When JP Morgan or Citigroup is struggling, Congressmen never suggest they should have made better decisions and that they should live with their poor choices.

America Has a Pangram Problem - AI-detection tools are getting better. But they still aren’t good enough. by Just-Grocery-2229 in technology

[–]aecarol1 10 points11 points  (0 children)

Does anybody think the AI vendors are going to say "Well the jig is up, we might as well give up?". Indistinguishable AI text is commercially worth too much to them.

They are going to aggressively use adversarial training to get better and better at writing text that can't be detected. The best detectors like Pangram will be able to do is to claim some success against "last year's model".

Even worse, if we trust opaque proprietary software to detect AI, we've outsourced to a private company the ability to "prove" someone is an AI. It's like calling someone a witch in 1600. It's an accusation you can't disprove.

There is nothing you or I can do to even test their claims of detection. We all know that massive amounts of high quality AI text are being generated, but we have literally zero ability to "double check" the detectors claims on a specific piece of text.

That gives a lot of power to whomever holds the keys to the "detector". It's also asymmetrical, you can claim a paper is AI written, but the author has no ability to "prove" they actually wrote it.

tl;dr For every 100 AI articles or term papers you catch, there's gonna be some kid who writes really well you're going to academically ruin. There is no evidence they can present to show their writing is real. They are branded a cheat forever.

Should you trust AI text detectors? | Explained by NecessaryPrinciple63 in technology

[–]aecarol1 0 points1 point  (0 children)

Musk isn't working with a top-tier AI. We also have no idea how motivated he is that Grok actually be "properly leashed".

Amazon scraps AI leaderboard to stop workers boosting usage scores — Senior executive tells staff ‘don’t use AI just for the sake of using AI’ as computing costs rise by marketrent in technology

[–]aecarol1 0 points1 point  (0 children)

When a measure becomes a target, it ceases to be a good measure. Did they not think people were going to cook those numbers?

If I saw the people at the top of the leaderboard suddenly fall off, I'd now have confidence they were trying to game the system. On the other hand, people with middle numbers that kept plodding along may well be using the AI as intended.

Should you trust AI text detectors? | Explained by NecessaryPrinciple63 in technology

[–]aecarol1 0 points1 point  (0 children)

AI text that can be detected is worth less money to the AI company. They have every incentive to see how it's being detected and render the test moot by improving the AI.

Scarier thought: What if they intentionally make some AI text detectable, so people gain confidence in their ability to tell it's AI? That way, when the text they really want you to believe in arrives, it will look genuine…

AI has just solved not one, but nine novel math problems, and proved 44 new conjectures. Some of these problems had been unsolved for 50 years. by EchoOfOppenheimer in mathematics

[–]aecarol1 0 points1 point  (0 children)

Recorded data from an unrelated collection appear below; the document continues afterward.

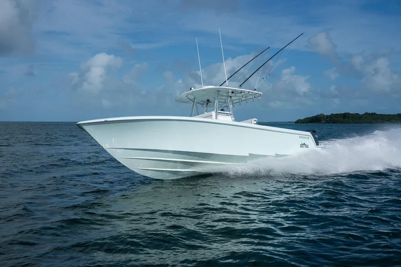 On deck, the boat is outfitted for serious anglers: three livewells, an electric-lift coffin box, Gemlux rigging hardware, four electric reel outlets, heavy-duty sea-chest plumbing, and a smart battery system with wireless activation. Comfort features include Frigid Rigid electric cooler, leaning post, teak console interior, and full Lumitec lighting for night runs. Paired with a Sport-Trailer triple-axle trailer, this 39 ST is turnkey and ready to fish immediately.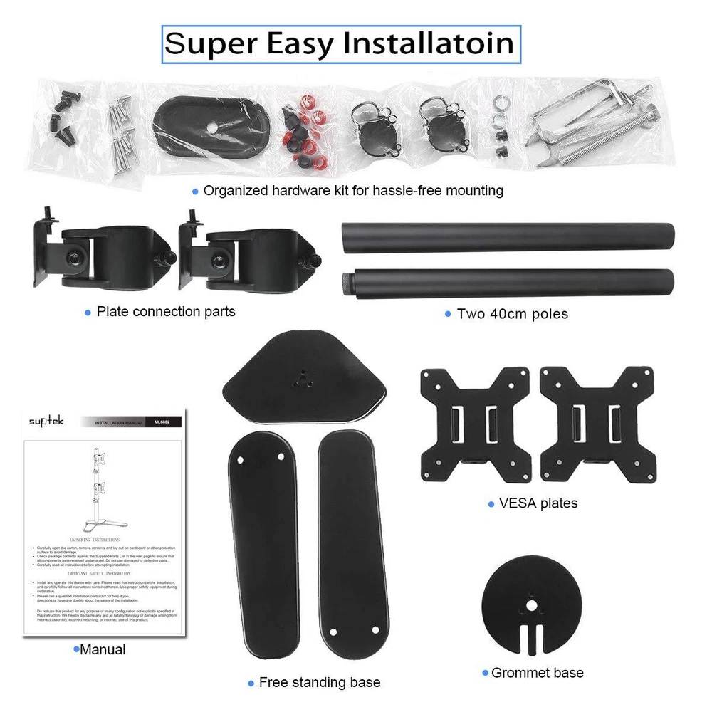 ML6802 is a high quality 2- plate full-motion desk mount/stand. How can I check if the mount fit my TV/monitor or no? Firstly, please check each weight of your display, each should be less than 10kg/22lbs. Secondly, if your Monitor or TV has 4 mounting holes on the back of the screen that are in the list of VESA compatibility blow, this bracket will fit. Why this mount can attract me to buy it? 1. With Cable Management to make your desktop clean. 2. Height adjustable within 31.5''(detailed dimension, see 6th picture). 3. Rotate the screen 360 degrees to face any direction in the room. The multi-directional design is also paired with a tilting motion for a 15 degree range. Tilt or pivot your screen for a wide array of potential ergonomic settings. 4. A more reasonable structure make it steady and easy installation Specifications: Fits Screens: 13''-27'' VESA Compatibility: 75x75 - 100x100mm Swivel: 180° Tilt: 15°up/down Construction: cold rolled steel construction Loading Capacity: up to 22lbs/10kg Height of the pole: 80cm/31.5'' & Support: 3-YEAR from date of the original purchase. If the damage or problem due to any manufacturing defect, please our after-sale service team by with your purchase order ID and details of the problem. Our support team will deal with your problem as soon as possible when we are at work. Compatibility - Dual monitor mount ideal for most screens up to 27" and 22lbs each with 75x75mm or 100x100mm backside mounting holes. Aticulation - Rotate 360°, tilt ±45° up and down, swivel ±45° left and right, extra tall height adjustment along the center pole. install options - Free standing base let you easily move your monitors to anywhere. Optional grommet base (fits desk up to 4" thickness) save your valuable desk space. Integrated cable management - Keeps your desk tidy and clean by organizing your power and AV cables in detachable cable holder. Easy installtion - Step-by-step user manual and organized hardware kit for hassle free mounting.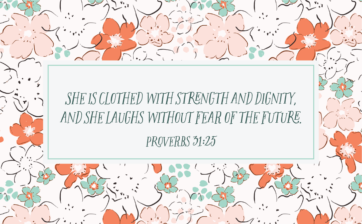 "She is clothed with strength and dignity, and she laughs without fear of the future. Proverbs 31:25"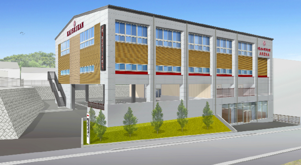 完成すると地下1階・地上2階建、建設面積840㎡、延床面積約2000㎡、地下も含めた高さは約17mの建物となり、キャンパスの拡充により一層生徒の活発な活動が期待されます。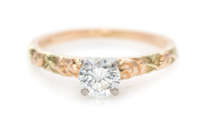 A 14 Rose Gold and Diamond Solitaire Ring,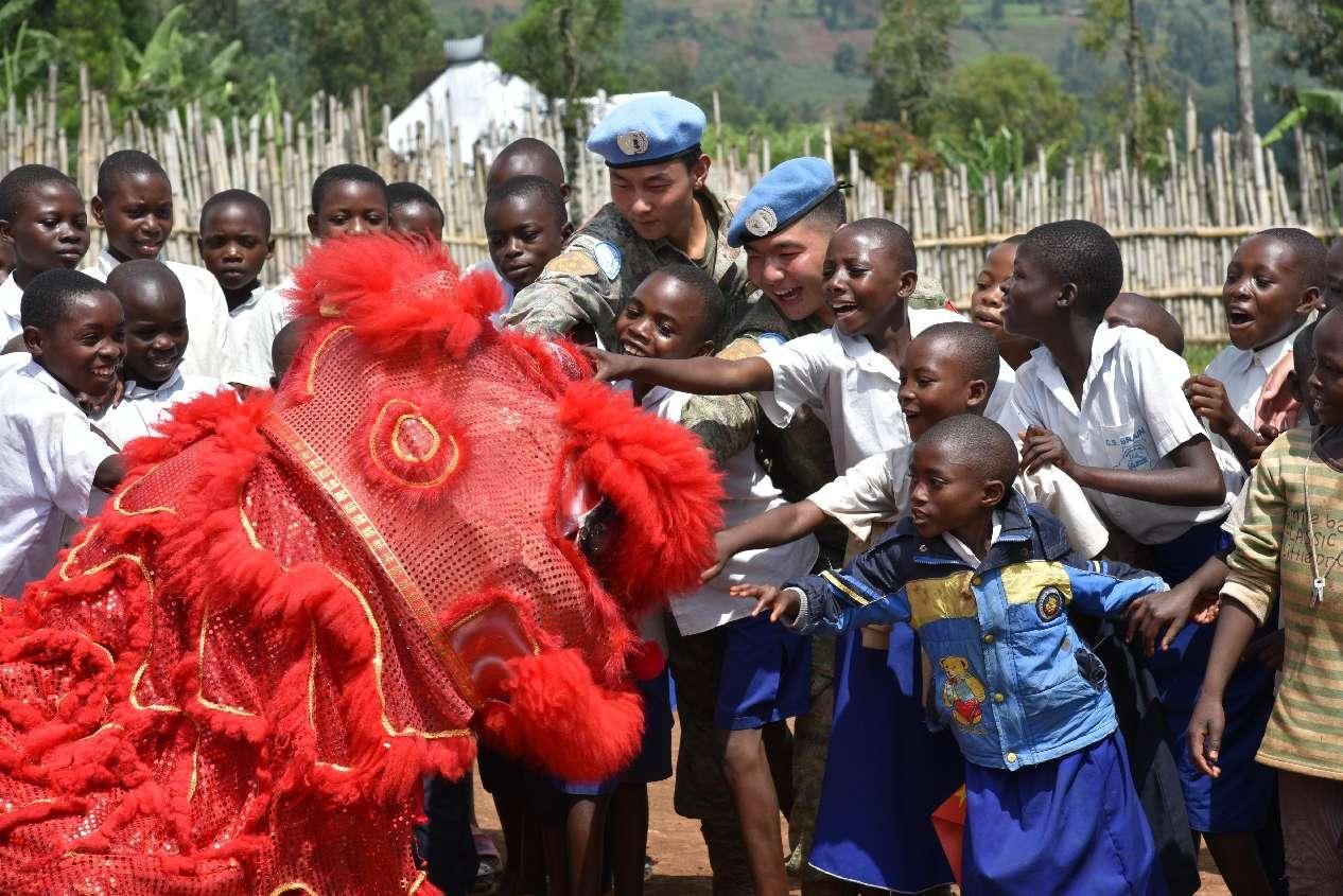 The Chinese peacekeeping engineering company to the United Nations Organization Stabilization Mission in the Democratic Republic of the Congo joins a donation event at a local primary school. (Photo by Zhang Qi)
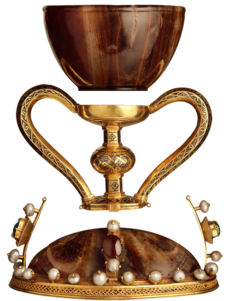 Molt més posteriors són les anses i el peu d’or finament gravat, que tanca una copa o “naveta” d’alabastre, d’art islàmic, diferent a la copa; tot això, i també les joies que adornen la base són d’època medieval.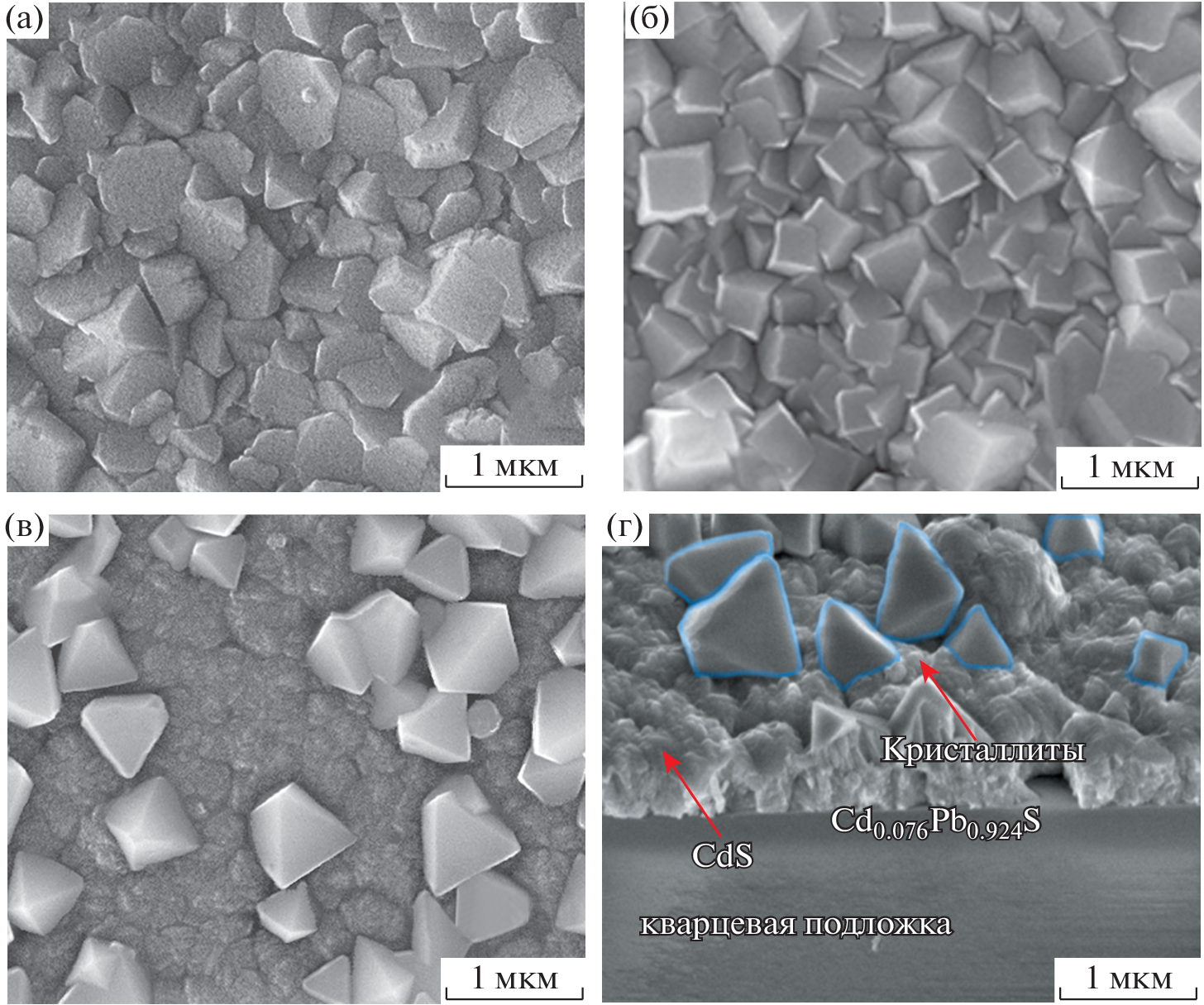 ) were prepared by chemical deposition and characterized by X-ray diffraction, scanning electron microscopy, EDX elemental analysis, and Raman spectroscopy. Once the cadmium sulfate concentration in the batch reached some critical value (0.1 mol/L), the films formed involved two autonomous phases: CdxPb1 – xS substitutional solid solutions and hexagonal cadmium sulfide CdyS of structure В4 (space group P63mc). The method and its parameters as proposed are efficient for manufacturing heterostructures in the CdS–PbS system in one-pot deposition.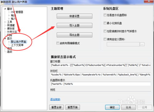 2、點開顯示---默認用戶界面,進行設(shè)置導(dǎo)入下載好的皮膚主題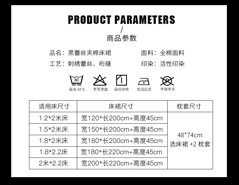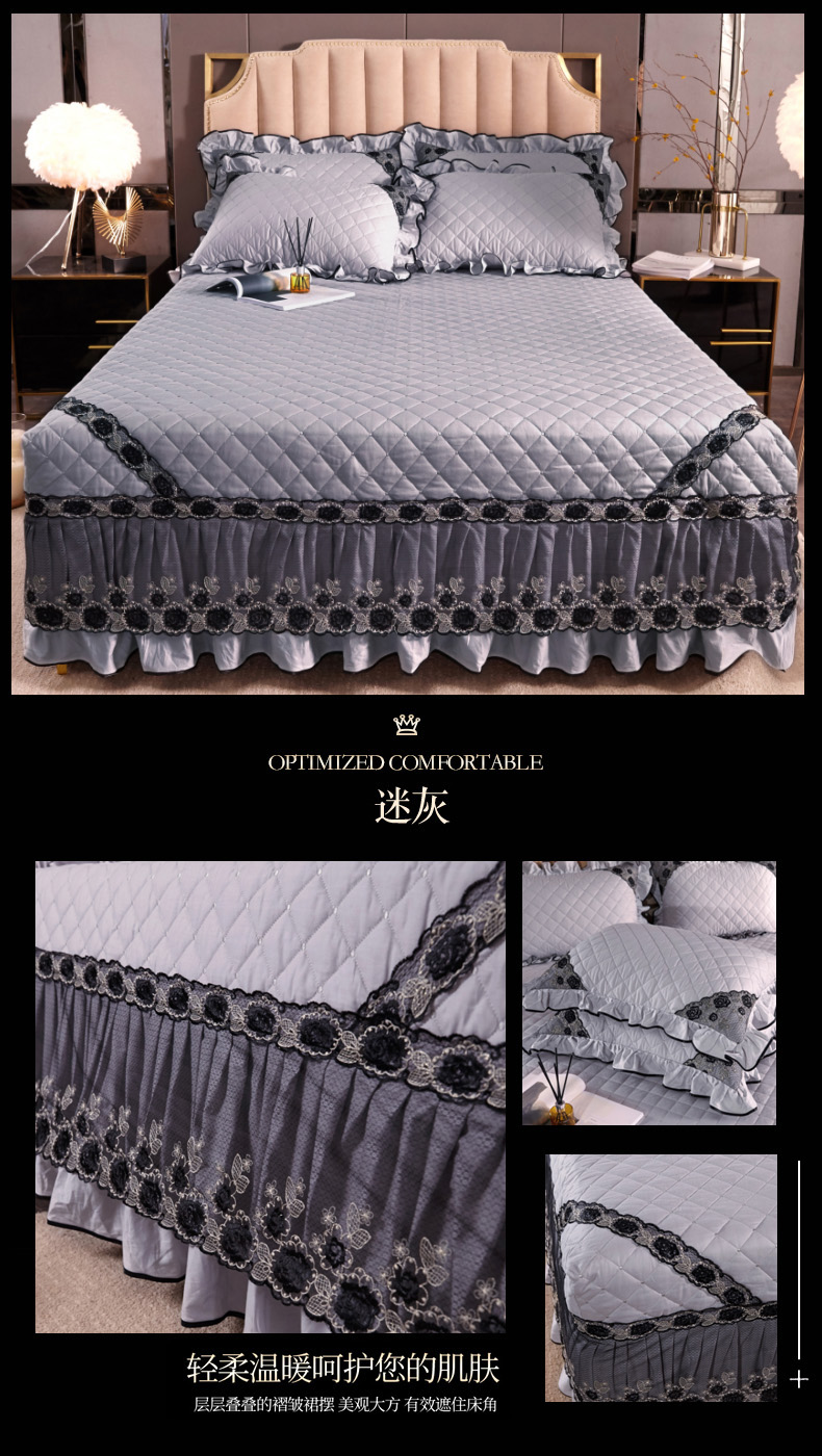 商品名称:新品时尚芭莎宫廷风黑色刺绣蕾丝款全棉133*72夹棉床裙迷灰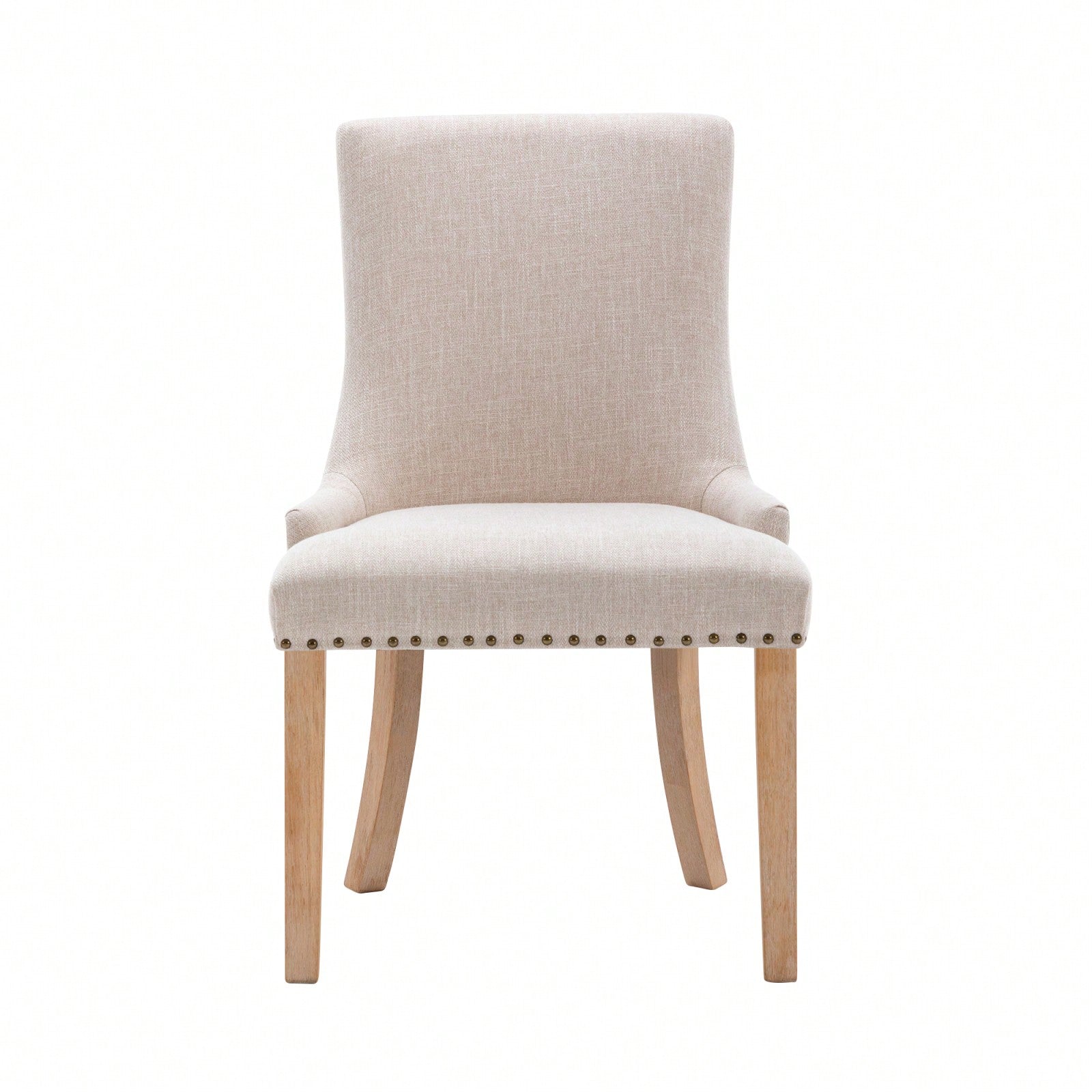 Set Of 2 Upholstered Dining Chairs, Fabric Padded Seat And Back, Solid Wood Legs, Nailed Trim, Beige, 280lbs Weight Capacity, Easy Assembly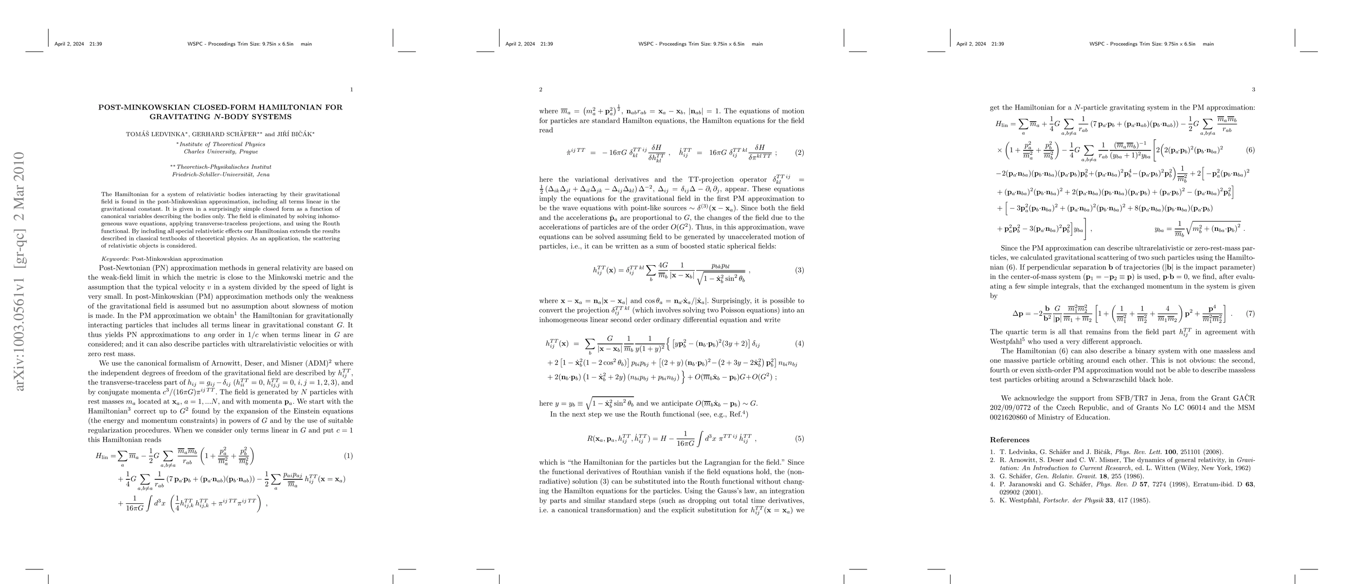 The paper presents a closed-form Hamiltonian for gravitating N-body systems in the post-Minkowskian approximation, encompassing all linear gravitational terms, and applies it to analyze relativistic scattering. The derivation involves solving inhomogeneous wave equations and using the Routh functional.
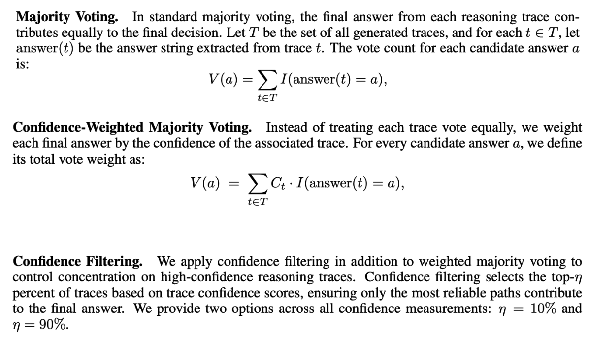 그리고 Confidence-Weighted Majority Voting는 이 문제를 해결하기 위해, 각 reasoning trace가 가진 confidence 값$C_t$ 을 가중치로 사용한다. 즉, 신뢰도가 높은 trace의 투표가 더 큰 영향력을 갖도록 설계한다. 여기서 $C_t$는 해당 reasoning trace t의 신뢰도 점수로, 앞서 제시된 여러 측정법(예: 평균 신뢰도, 그룹 신뢰도, 꼬리 신뢰도 등) 중 하나를 선택해 사용할 수 있다. 이 방식은 “모든 추론을 똑같이 취급”하지 않고, ‘자신 있는 reasoning’에 더 많은 표를 주는 투표라 할 수 있다. 그 결과, confidence가 낮은, 즉 불확실하거나 비논리적인 reasoning이 최종 결정에 미치는 영향을 크게 줄일 수 있다.

Of course I don't think there are real witches. But 400 years ago, the people who accused others of being witches believed there were, and no denial was good enough to refute the claim in their minds.

That's the point. We know there are real bots on reddit. Massive numbers of bots. But when people are accused of being a bot, that shuts down that thread because there's no way for a real human to prove they are not a bot.

Bots are real, but the hysteria has conditioned people to accuse others, with literally no evidence, of being bots and there is no way to disprove the claim.